Portugal celebró elecciones generales el pasado 10 de marzo con el resultado por todos conocido: una victoria por la mínima del centroderecha, una caída grande de los socialistas y una espectacular subida de la extrema derecha que dejaba un panorama ingobernable.
Ante esa tesitura, el Partido Socialista (PS) del caído ex primer ministro António Costa se abstuvo en los primeros compases legislativos para que la legislatura del primer ministro Luis Montenegro echara a andar. Esto es, el centroizquierda facilitando un Gobierno de centroderecha que había quedado primero en las elecciones para que no hubiera de apoyarse en la extrema derecha de Chega.
Los ecos españoles eran claros, y el famoso "menos mal que nos queda Portugal", más habitual en personas progresistas, cambió de bando y fue reivindicado por muchos conservadores que afeaban (a través del elogio a los socialistas portugueses) el comportamiento de sus hermanos ideológicos españoles.
Pero hay mucho de autoengaño en esa percepción. Porque fue Costa el primero que, pese a haber quedado segundo en las elecciones de 2015, pactó con formaciones a su izquierda un gobierno despreciado en sus inicios como "la jerigonza", pero cuyos resultados llevaron a los socialistas a un resultado incontestable cuatro años después.
Esto es, si el nuevo líder no ha pactado con su izquierda era, sencillamente, porque no le alcanzaba la suma. No hay una moral portuguesa que nos falte aquí. Es política, y las cartas con las que han jugado unos y otros son distintas.

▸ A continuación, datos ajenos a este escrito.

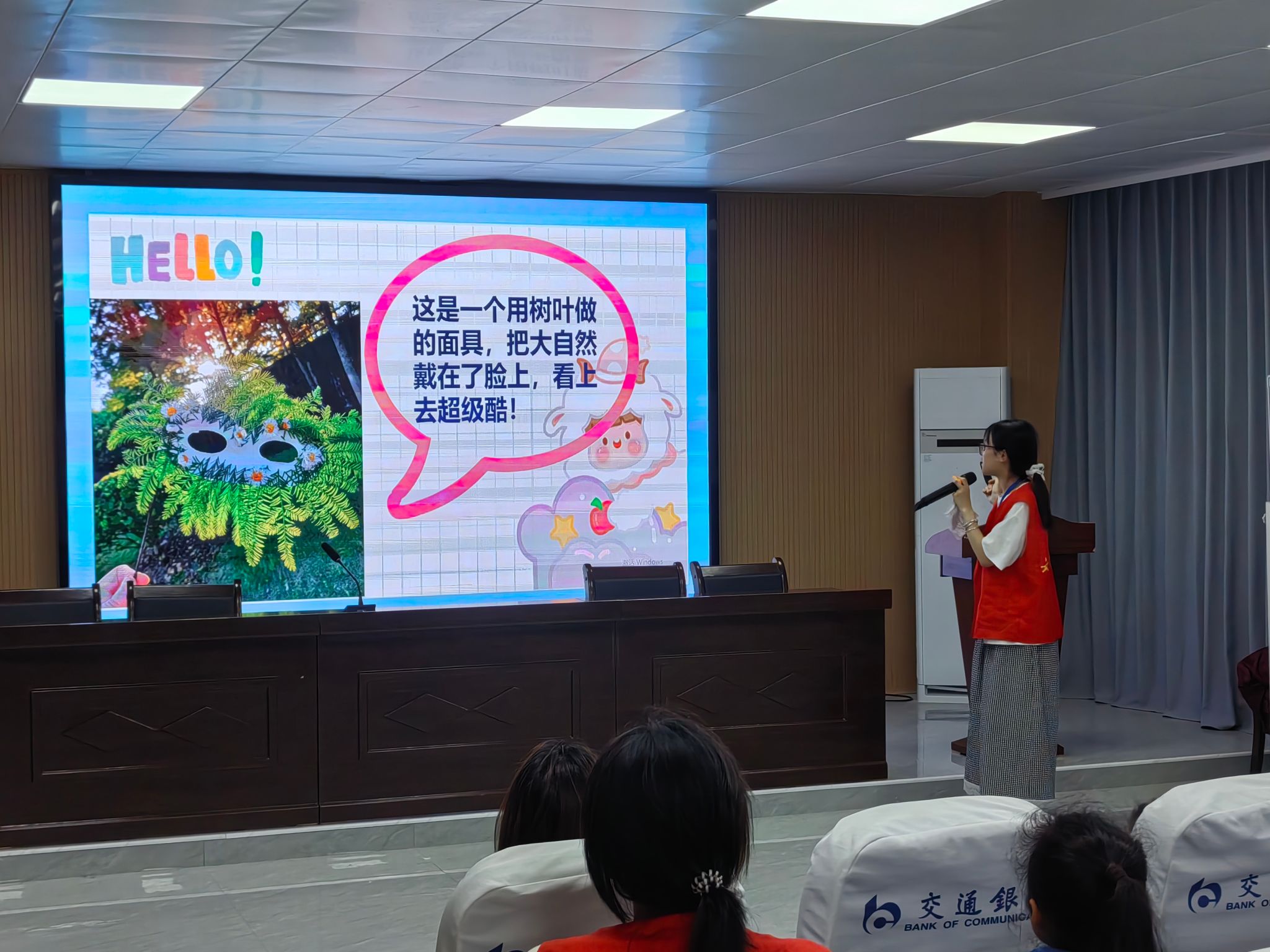 活动现场,大学生们团队以树叶为“天然教具”,展示梧桐、银杏等12种树叶标本,通过“叶脉纹理观察—叶形联想—艺术创作”三环节启发想象。学生们用枸骨叶拓印出“骑士铠甲”面具,松针拼贴星空、枫叶拓印出火焰。“不限制模板,才能让自然素材激活创造力。”该课程指导教师王艺老师介绍说。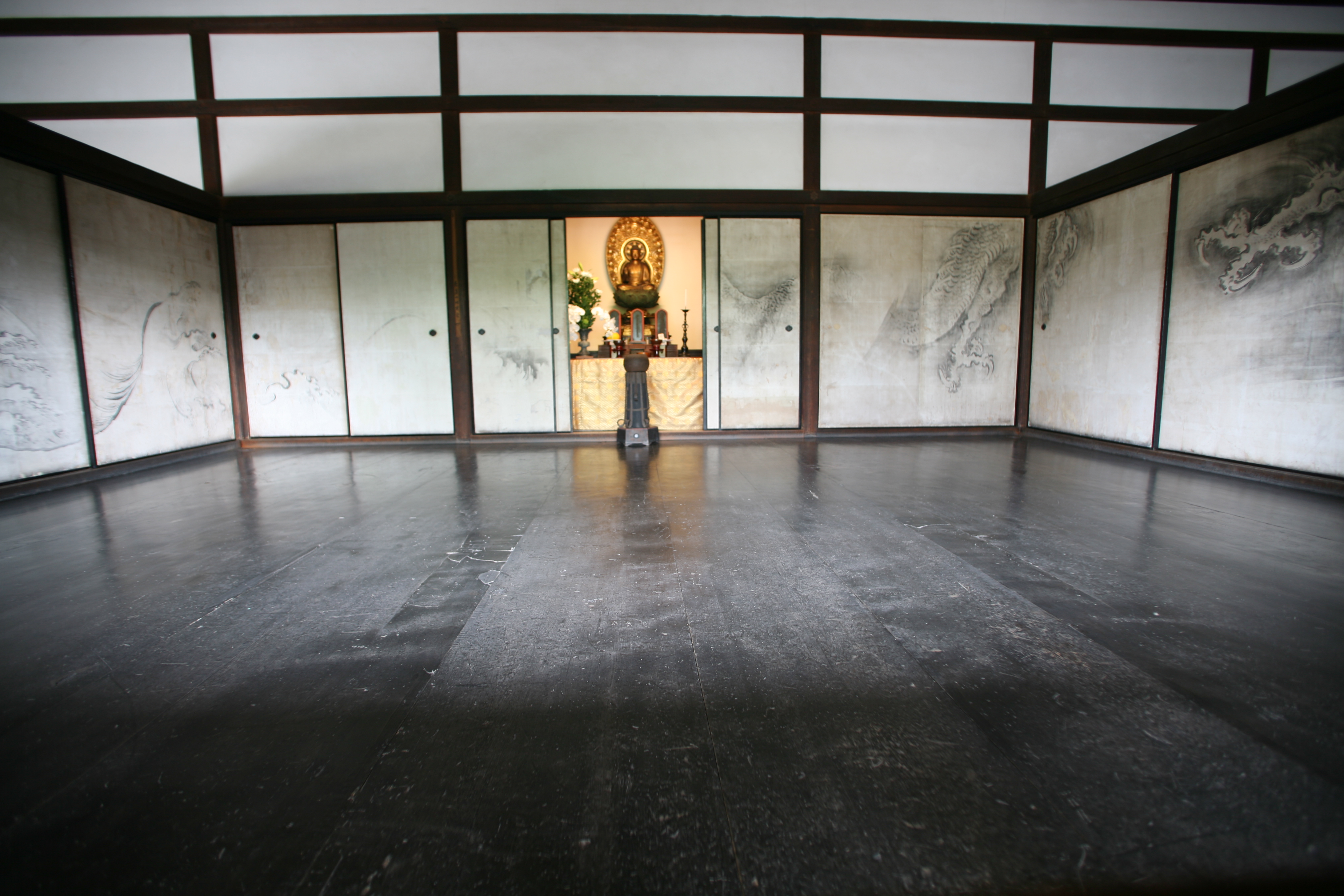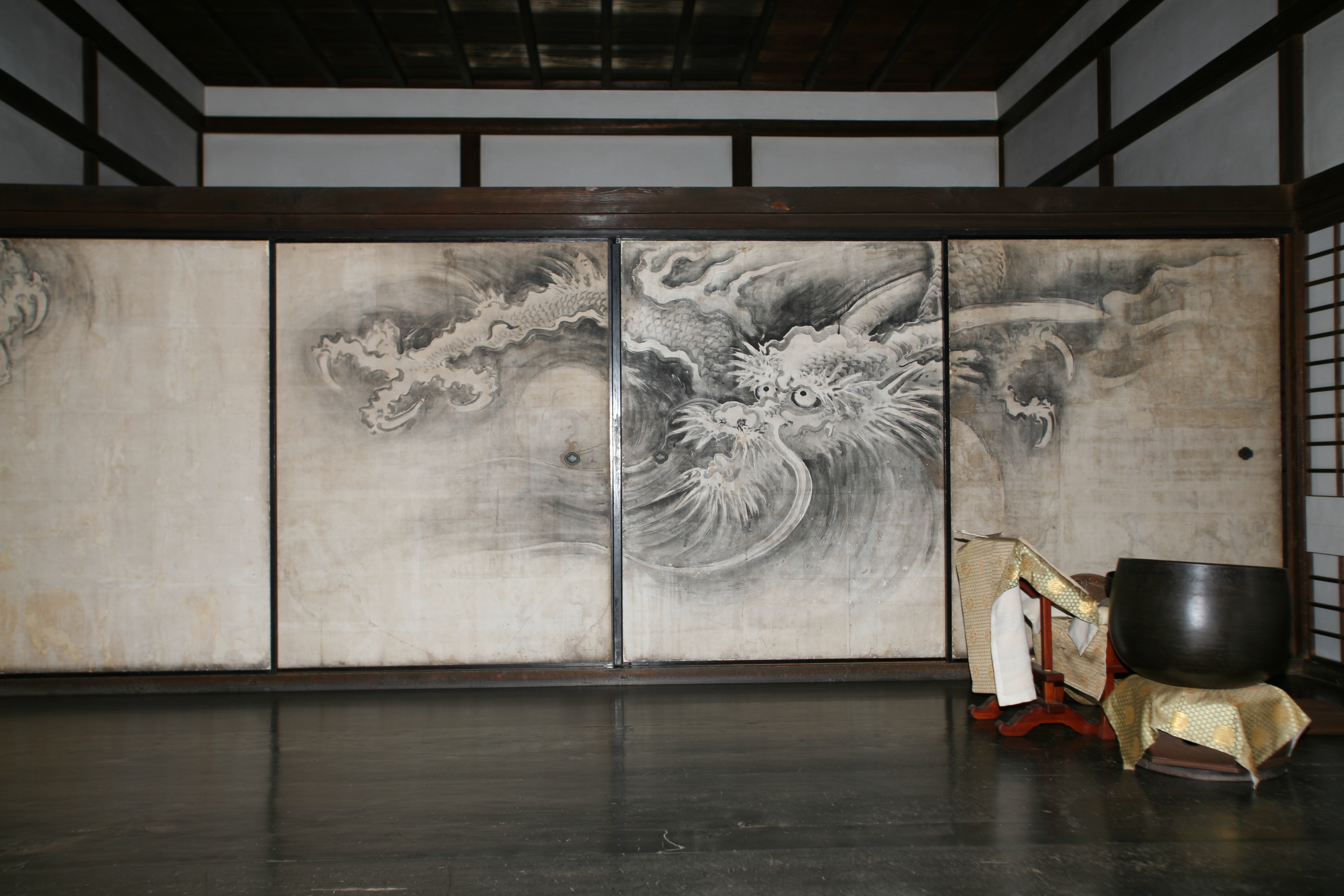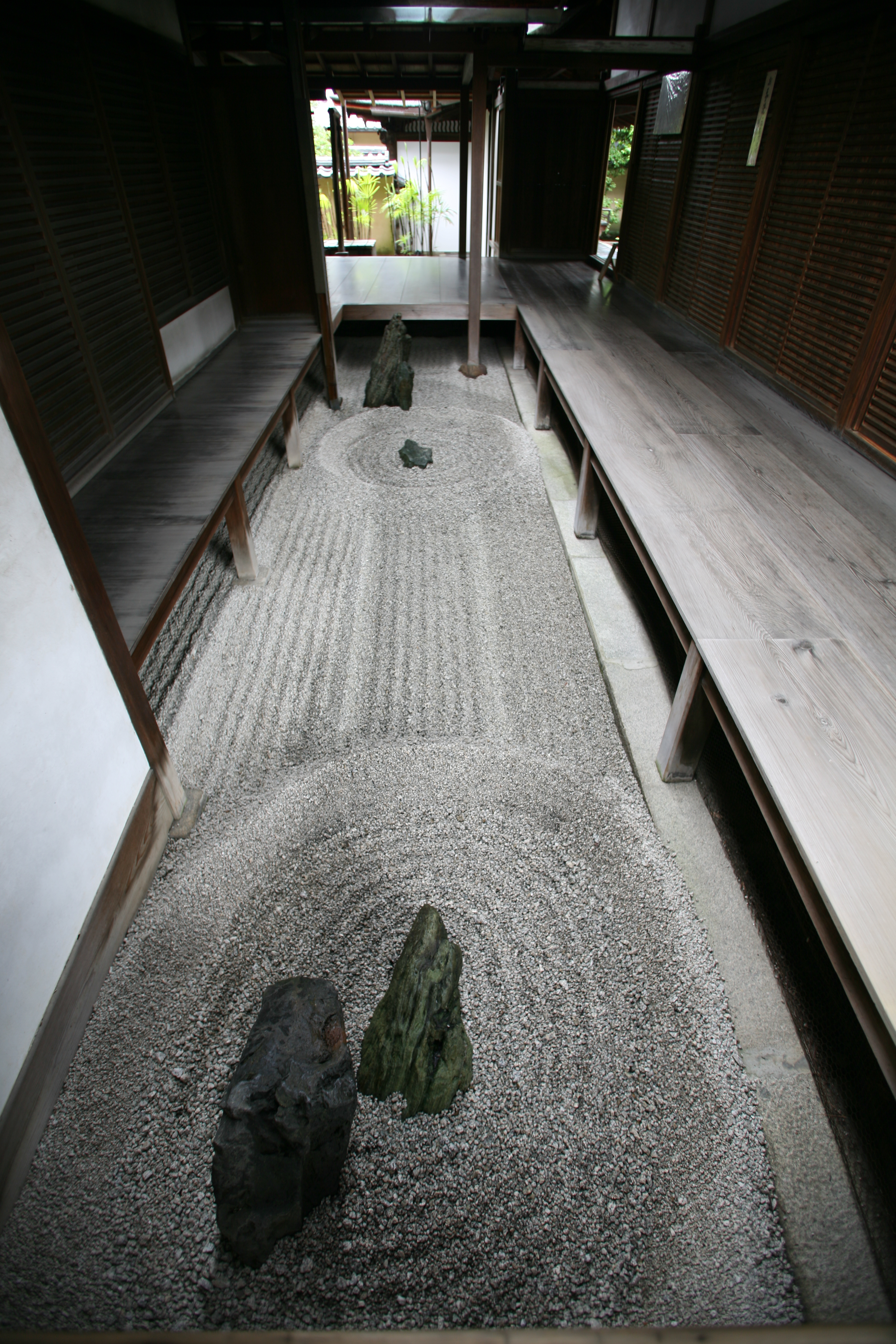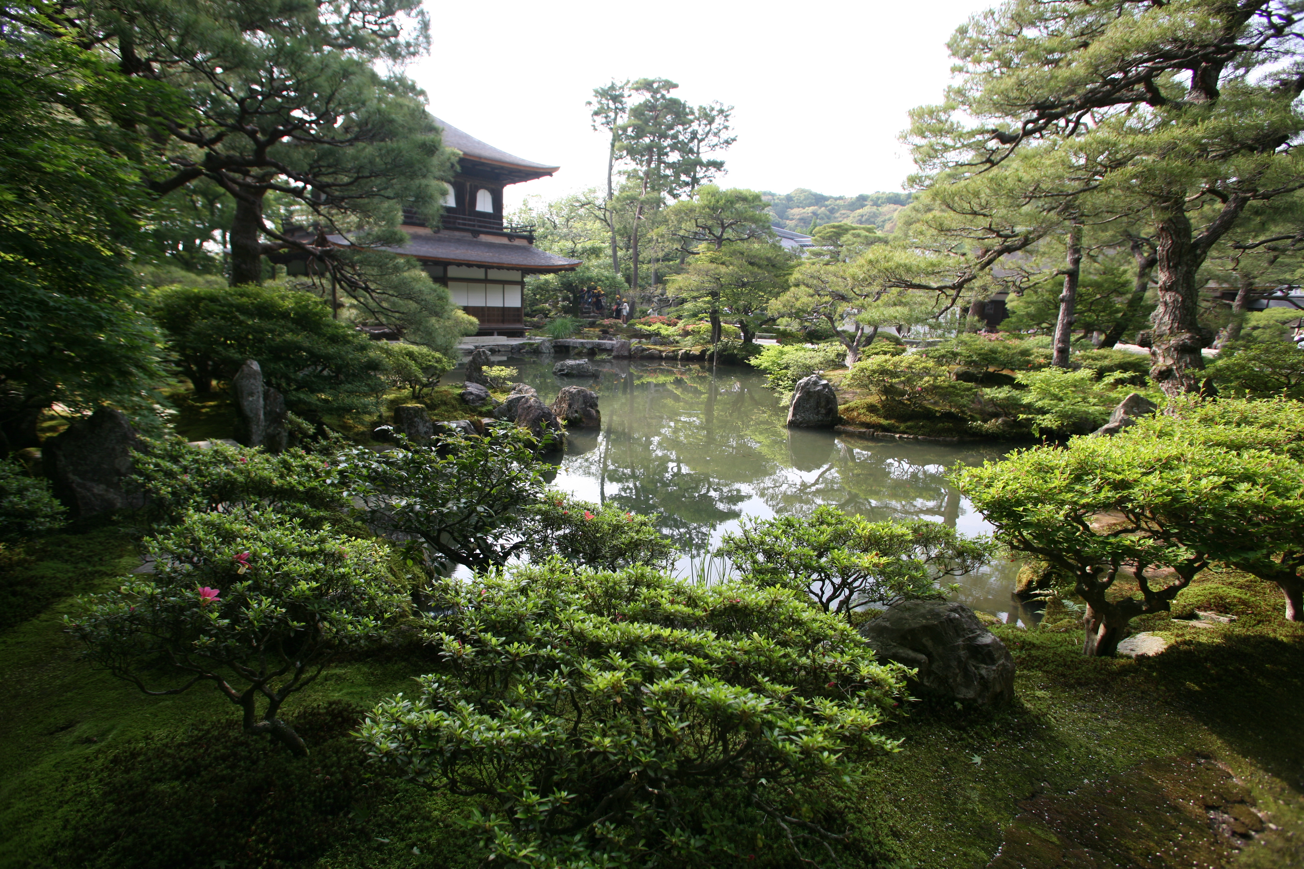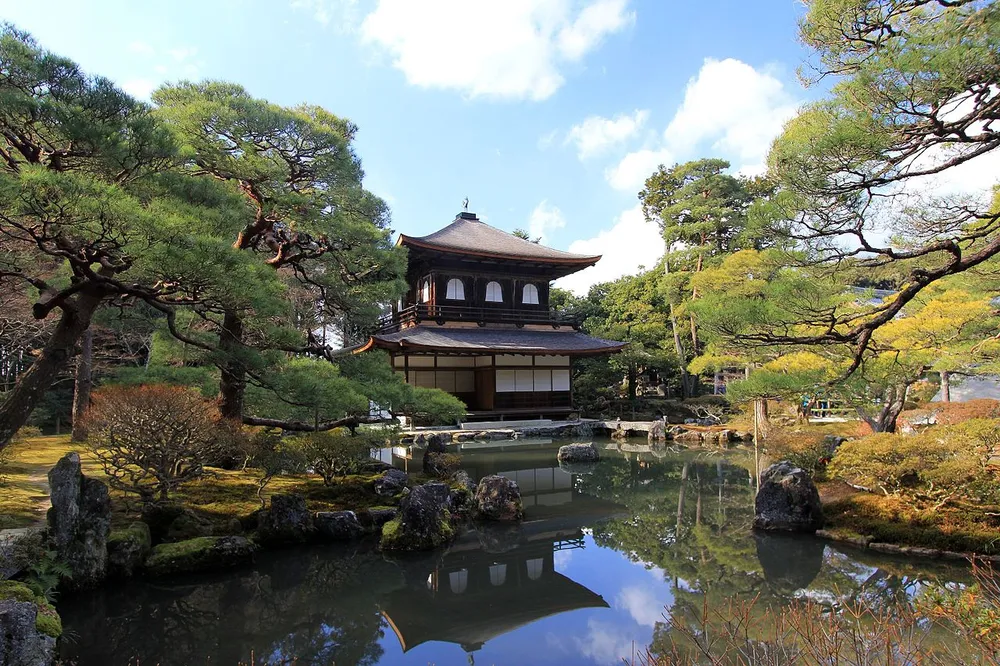 요시마사[足利義政]는 오닌[應仁]의 난을 전후하여 막부의 권위가 실추되고 세상이 불안정해지자, 교토의 동쪽에 할아버지인 요시미쓰가 세운 금각사를 본떠 히가시야마 산장을 세우고 그곳에서 시간을 보낸다. 이곳이 지금의 은각사로, 당시 유행하던 선禪 정신에 입각해 소박함과 고요함이 강조되었던 것이다. 일본 정신의 한 축으로 회자膾炙되는 선禪이 이때는 이미 무르익었다고 할 수 있다.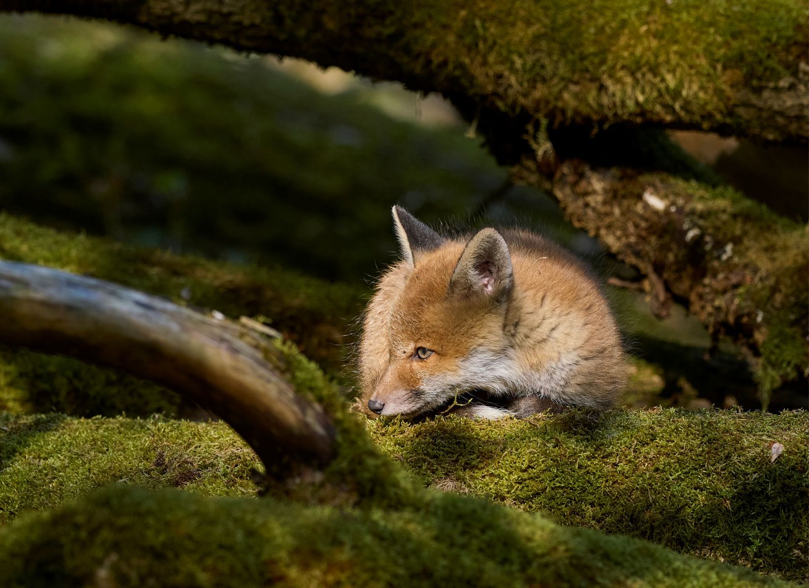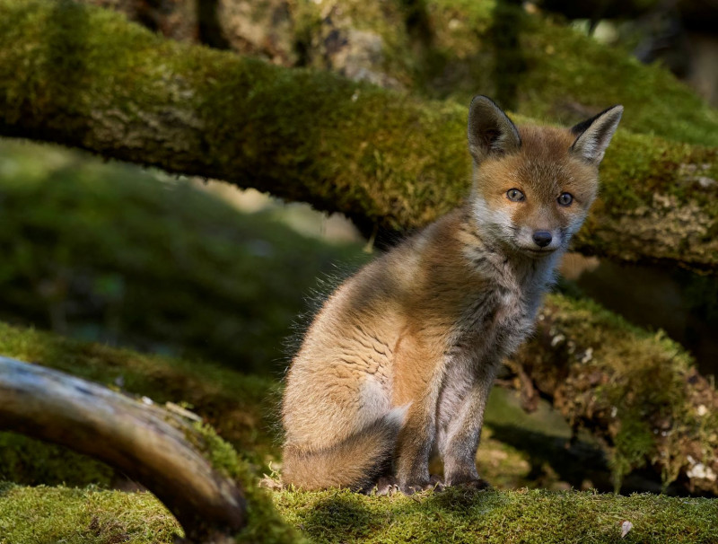 • Gestern hatte ich das Glück, in einer der Erosionsschluchten nahe meines Heimtortes mal wieder einen "befahrenen" (Jäger-Deutsch) Fuchsbau mit mehreren Zugängen zu entdecken. In der Folge eines Sturmes sind dort alte Spitzahorne kreuz und quer übereinander gestürzt; Wurzelteller tun das ihrige zur "Abriegelung" des Areals. Das Chaos wird durch die Stadtverwaltung belassen, dies freut die Füchse und auch mich. Die verrottenden Bäume sind zwischenzeitlich stark bemoost. Nach Sichtung die Situation wählte ich heute morgen eine Stelle aust, über die ich Fuchsjunge schon laufen sah. Da ich weiß, dass die Jungen morgens gerne ein Sonnenbad nehmen, setzte ich mich 6-7 Meter gegenüber auf einen liegenden Baumstamm und verharrte mit der Kamera im Anschlag. Meine Geduld wurde schließlich belohnt.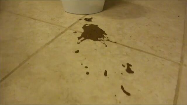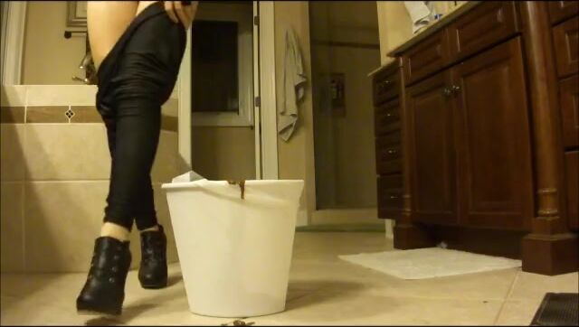 Lady in high heels fills bucket with diarrhea
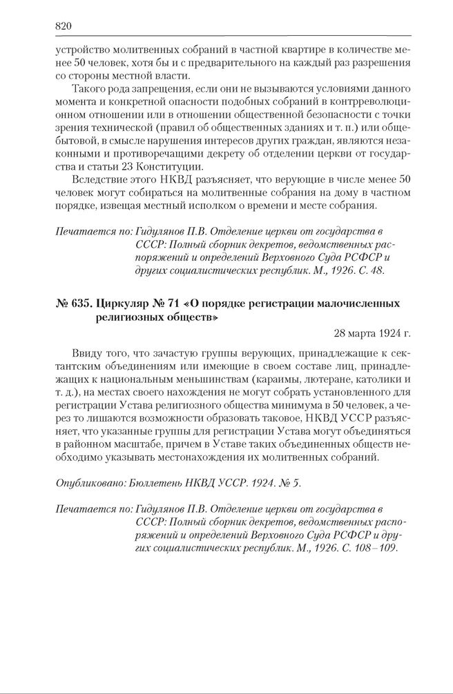 Циркуляр НКВД УССР № 71 «О порядке регистрации малочисленных религиозных обществ». 28 марта 1924 г. // Опубликовано: Бюллетень НКВД УССР. 1924. № 5. Печатается по: Гидулянов П. В. Отделение церкви от государства в СССР: Полный сборник декретов, ведомственных распоряжений и определений Верховного Суда РСФСР и других социалистических республик. М., 1926. С. 108–109.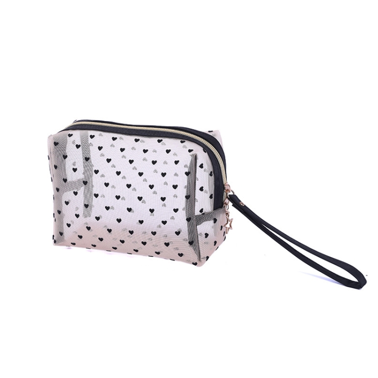 Flocking Love Mesh Portable Cosmetic Bag, Style:
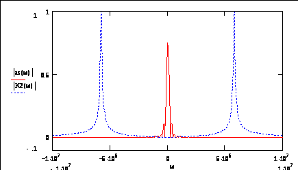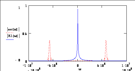 На выходе видеосигнал подавлен, так как на частотах видеосигнала колебательное звено имеет коэффициент пропускания равный нулю. Для большей наглядности изобразим F(j) и K2(j) на одном графике: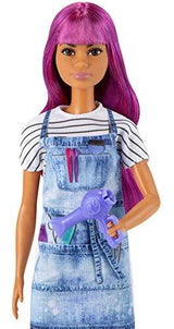 Details: Explore a world of hairstyling fun with the Barbie salon stylist doll! When a girl plays with Barbie, she imagines everything she can become, and if you love cutting and styling hair, you can be a salon stylist! The Barbie salon stylist doll (12-in/30.40-cm) wears a cute striped tee and a tie-dye smock, comfy shoes and has long purple hair. She comes with a blow dryer and brush (clips let the doll hold them) plus two hair clips. Kids will love the endless possibilities for creative expression and storytelling fun. Doll cannot stand alone. Colors and decorations may vary. Makes a great gift for ages 3 years old and up.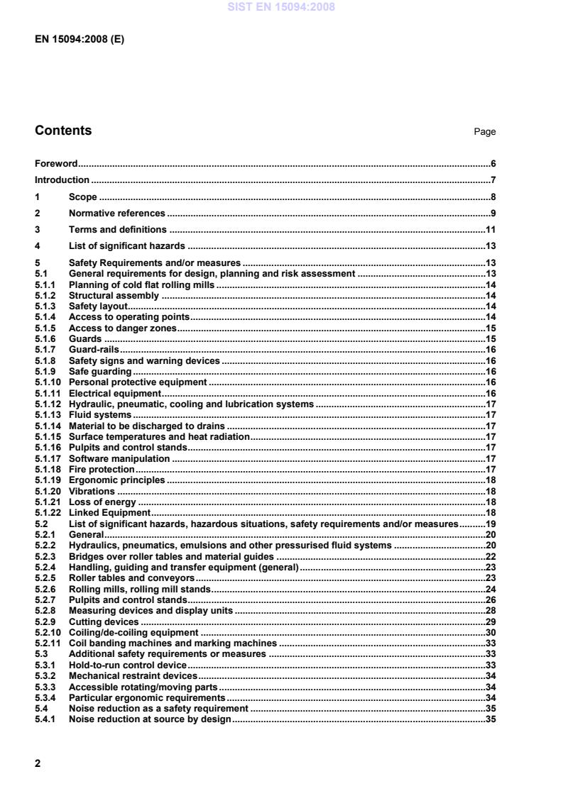 Tables Table 1 — Significant hazards, hazardous situations, safety requirements and/or measures.20 Table 2 — Main noise sources of cold flat rolling mills equipment and exemplary noise reduction measures.37 Table A.1 — Stop functions.45 Table B.1 — Example of declared dual-number noise emission values for work stations and specified measuring points.51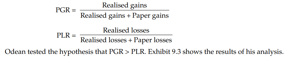Ha poi determinato la Proporzione di Guadagni Realizzati (PGR) e la Proporzione di Perdite Realizzate (PLR) come metriche chiave, scoprendo che il PGR era generalmente più alto del PLR, indicando una preferenza per la vendita di azioni vincenti rispetto a quelle perdenti.

Es bien sabido que los socialistas disfrutaban de una sólida mayoría absoluta hasta que un supuesto escándalo por corrupción en el círculo íntimo de Costa llevó al entonces primer ministro a dimitir, y al presidente de la República, Marcelo Rebelo de Sousa, conservador, a convocar elecciones pese a las recomendaciones de que era mejor nombrar a otro primer ministro socialista, al menos hasta que se aclarara el caso.
Estos días hemos conocido que los jueces que instruyen el caso han desmontado la investigación de los fiscales, que ven infundada y chapucera. Han levantado las imputaciones y las medidas cautelares a los acusados y han dejado con el rostro desencajado al presidente Rebelo de Sousa.
El gobierno portugués cayó y cambió de signo debido a esa nefasta actuación de los fiscales, que incluso llegaron a sugerir que el propio António Costa estaba implicado porque aparecía en muchas de las conversaciones interceptadas a los sospechosos.
Pero, en realidad, estos se referían al ministro de Economía, del mismo nombre, que por razones obvias tenía que aparecer en negociaciones relativas a proyectos de inversión o adjudicaciones.
Lo que no tiene remedio es el cambio en el Ejecutivo, ni haber abierto la puerta a una extrema derecha que, con 50 diputados, es la tercera fuerza en el parlamento luso tras moverse como pez en el agua en una campaña dominada por el barro de la supuesta corrupción.
Rebelo de Sousa, el presidente, sin sonrojo, ha acertado a decir que, ahora que Costa está libre de sospecha, será un gran candidato a la presidencia del Consejo Europeo tras las elecciones europeas de junio. Un presidente involuntariamente orteguiano, como si Portugal fuera el problema y Europa la solución.
Así que, lejos exclamar con melancolía que "menos mal que nos queda Portugal", miro entre asombrado y triste lo que ocurre en la política de un país que adoro y admiro, pero al que ahora mismo no querría parecerme, y mucho menos imitar.